Chagall’s musical inspirations went deeper than the representation of musicians. They are expressed in his choice of colours and application of paint. He loved Bach and Mozart, and was also a big jazz fan. Connections between music and art in his work were extended by his creation of the sets for the New York Ballet, including the colourful performance of ‘The Firebird’. His painted ceiling of the Paris Opera house was a 2,600-square-foot canvas covered in 440 pounds of paint. Music inspired the composition and colour intensity as well as the subject matter, commemorating contemporary and historic composers, actors and dancers. He said ‘Colour is vibration like music.
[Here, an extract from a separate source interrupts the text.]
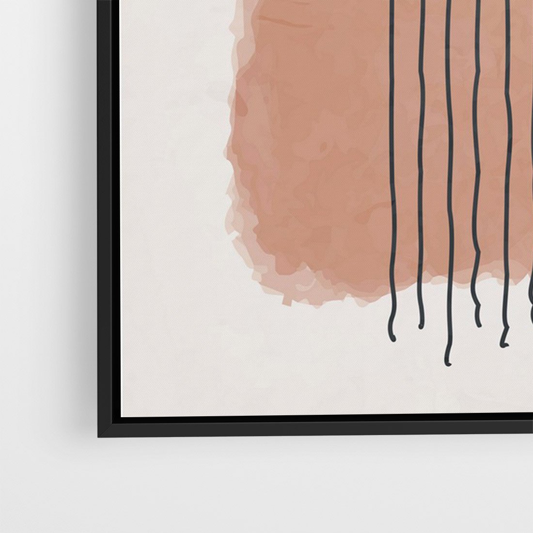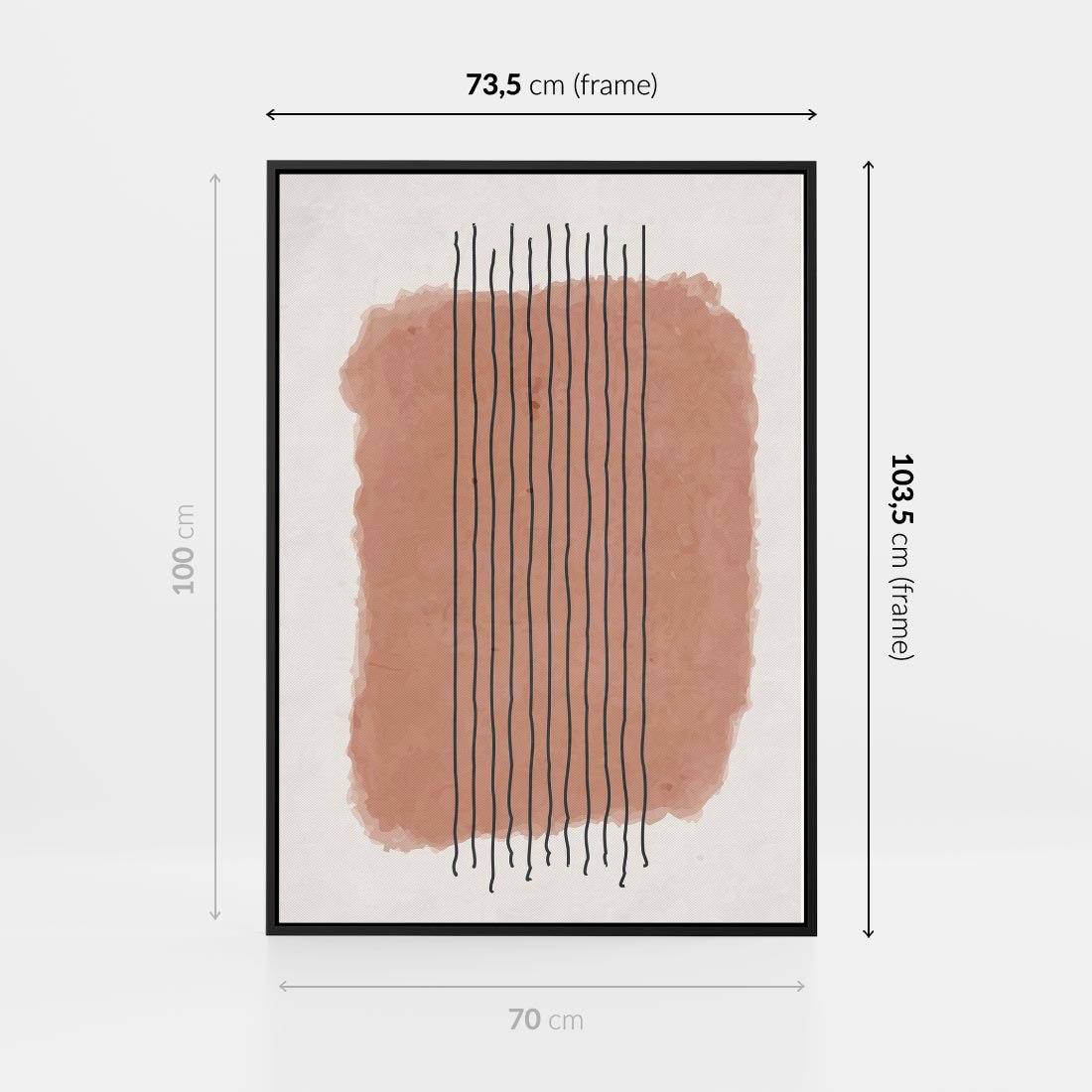 Abstrakcyjna akwarelowa plama ożywia ten minimalistyczny obraz nieregularnymi kreskami i subtelnie ułożonymi liniami, tworząc unikalną harmonię sztuki.

Everything is vibration.’ He channelled this by listening to music, with a particular preference for Mozart’s Magic Flute during the painting of the Paris Opera House ceiling, having designed the sets and costumes for the 1967 Metropolitan Opera production of the piece. It is represented in a commemoratory panel to Mozart - a giant angel fills the blue sky while a funny-looking bird plays the flute.
Scottish colourist J.D Fergusson was particularly inspired by music and the idea of rhythm. Rhythm was the title of an arts periodical launched in 1911, of which Fergusson was art editor. The cover design was a reworking of one of his paintings, also known as ‘Rhythm’, which depicts a seated female nude. For Fegusson, rhythm meant a vital energy and harmony seen in nature, represented by woman as the source of natural life. Ideas of rhythm also come across in his bold use of line and repeating curves, creating the dynamic forms of the figure and background. Like Chagall, Fergusson took inspiration from the meeting of music and art in ballet, in this case the Ballets Russes which were taking France by storm from 1909-11. Elizabeth Cumming compared his paintings’ themes of surging nature, primitivism and expressive sexuality to Stravinsky’s Rites of Spring.